### What you need to do
The entire listing, reproduced exactly and stripped of images, is the expected output.

### Collected material
◇ ◇ ◇ ◇

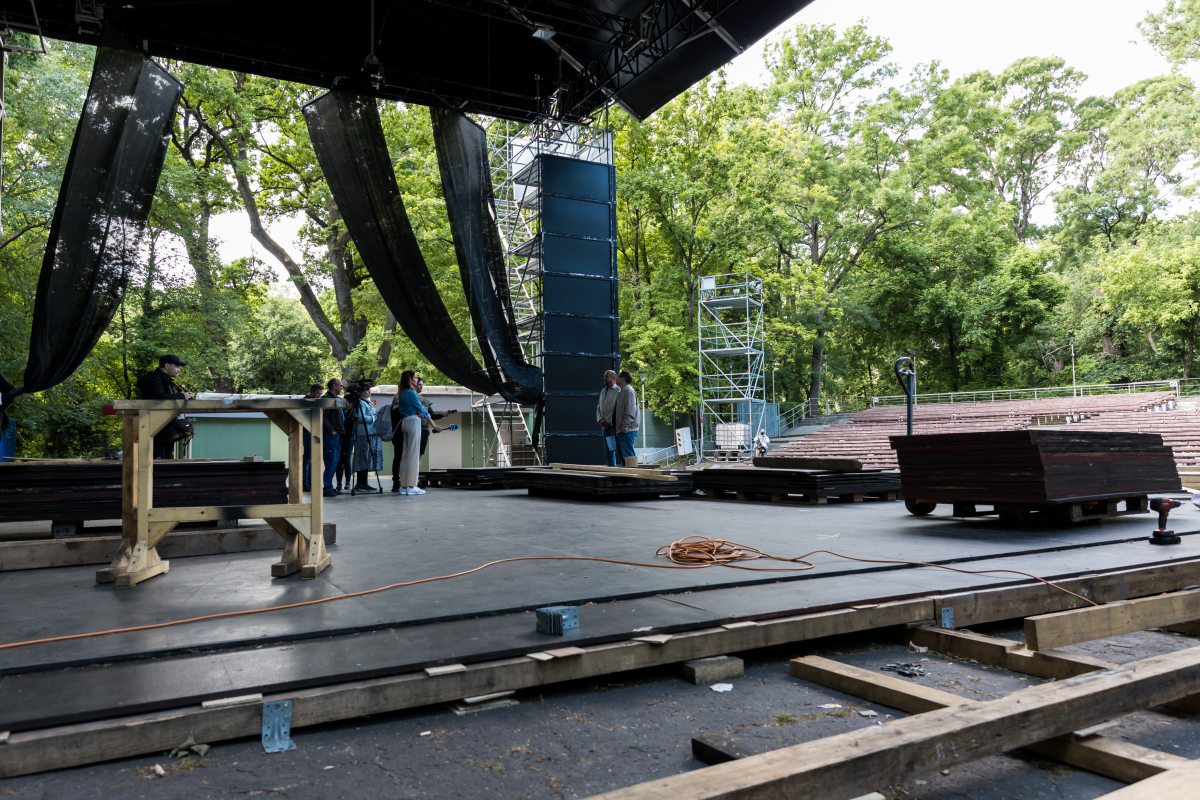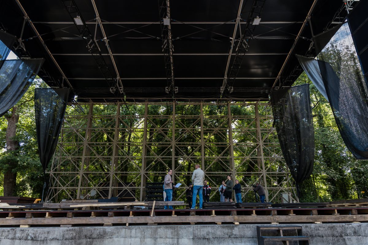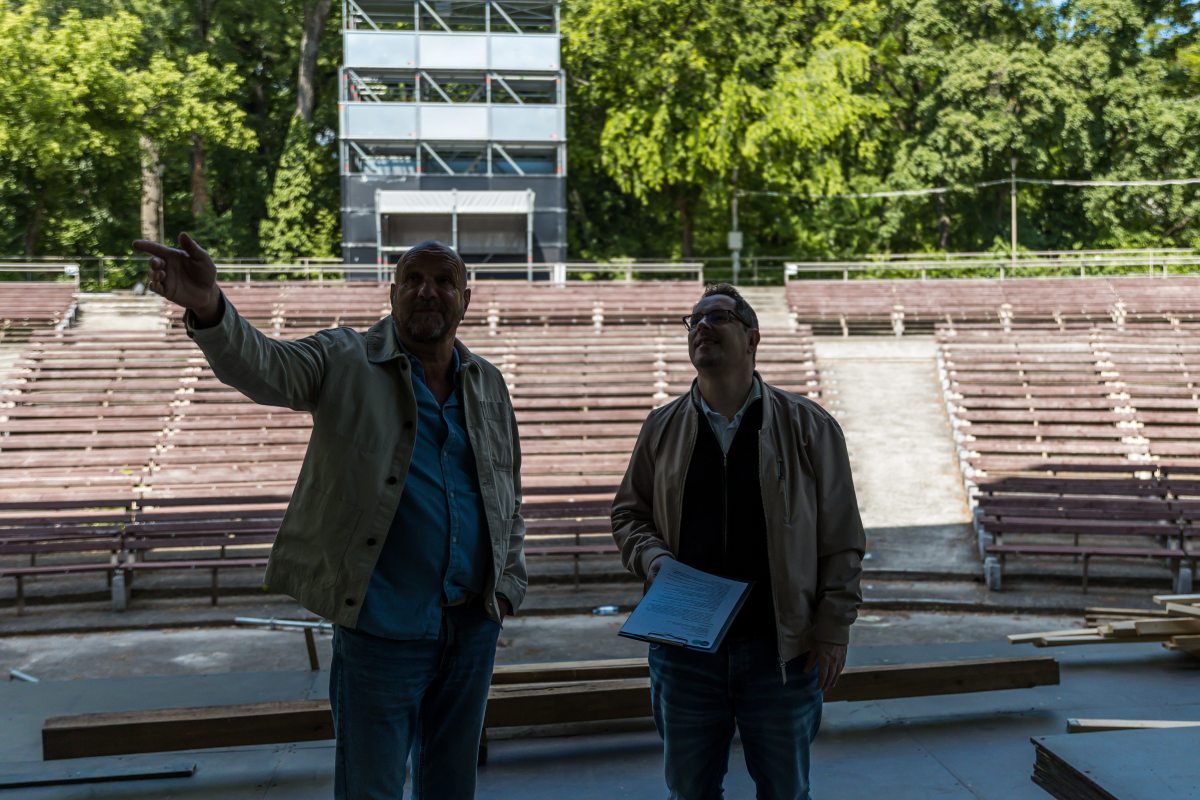 Várkonyi Miklós, a Szegedi Szabadtéri Játékok műszaki vezetője összefoglalta a már lezajlott újszegedi munkafolyamatokat, amelyek idén is tereprendezéssel kezdődtek, majd a színpad melletti, a nézőtéri és a hátsó tornyok felépítése és a produkciók védelmét szolgáló színpadfedés installálása következett. Hamarosan a 2024-ben teljeskörűen felújított színpadi padozat is készen áll, azt követően a munka az elektromos hálózat kiépítésével folytatódik, utoljára pedig a hangtechnikai berendezéseket, a szcenikai világítást szerelik fel. Elárulta, mivel azonos építőcsapatok dolgoznak mindkét helyszínen, a cél az, hogy mire a Szeged Napja ünnepségsorozat végeztével a Szabadtéri Játékok átveheti a Dóm teret, az újszegedi helyszín teljes mértékben készen álljon az évadkezdésre.
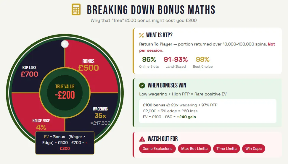 The expected value (EV) formula reveals the true cost: EV = Bonus Amount – (Total Wagering Requirement × House Edge). House edge is the casino’s built-in advantage, expressed as a percentage. On a slot with 96% RTP (return to player), the house edge is 4%. Applying it: £17,500 × 0.04 = £700 expected loss. Subtract from the bonus: £500 – £700 = -£200. The offer leaves you worse off on average.
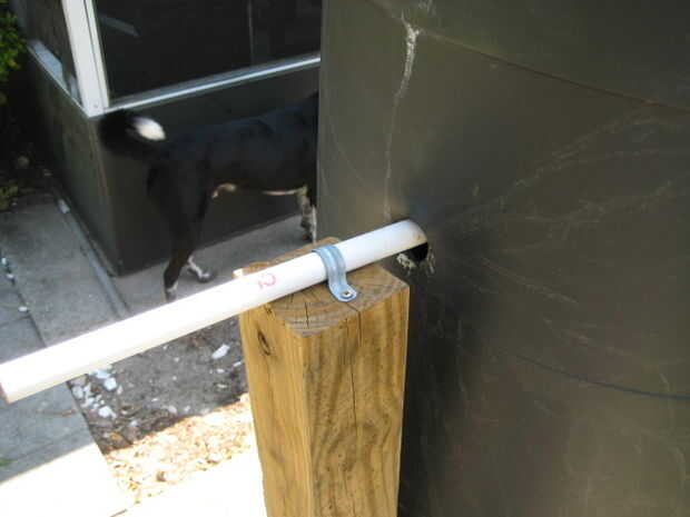 Corte los agujeros en el cañón un poco por encima de la mitad de pesados de la parte inferior y la parte superior tiende a afrontar. Los agujeros son un poco más grandes que 1/2 pulgadas para aire en el cañón entre abrir agregar material.

◇ ◇ ◇ ◇

### Task response
 Várkonyi Miklós, a Szegedi Szabadtéri Játékok műszaki vezetője összefoglalta a már lezajlott újszegedi munkafolyamatokat, amelyek idén is tereprendezéssel kezdődtek, majd a színpad melletti, a nézőtéri és a hátsó tornyok felépítése és a produkciók védelmét szolgáló színpadfedés installálása következett. Hamarosan a 2024-ben teljeskörűen felújított színpadi padozat is készen áll, azt követően a munka az elektromos hálózat kiépítésével folytatódik, utoljára pedig a hangtechnikai berendezéseket, a szcenikai világítást szerelik fel. Elárulta, mivel azonos építőcsapatok dolgoznak mindkét helyszínen, a cél az, hogy mire a Szeged Napja ünnepségsorozat végeztével a Szabadtéri Játékok átveheti a Dóm teret, az újszegedi helyszín teljes mértékben készen álljon az évadkezdésre.
 The expected value (EV) formula reveals the true cost: EV = Bonus Amount – (Total Wagering Requirement × House Edge). House edge is the casino’s built-in advantage, expressed as a percentage. On a slot with 96% RTP (return to player), the house edge is 4%. Applying it: £17,500 × 0.04 = £700 expected loss. Subtract from the bonus: £500 – £700 = -£200. The offer leaves you worse off on average.
 Corte los agujeros en el cañón un poco por encima de la mitad de pesados de la parte inferior y la parte superior tiende a afrontar. Los agujeros son un poco más grandes que 1/2 pulgadas para aire en el cañón entre abrir agregar material.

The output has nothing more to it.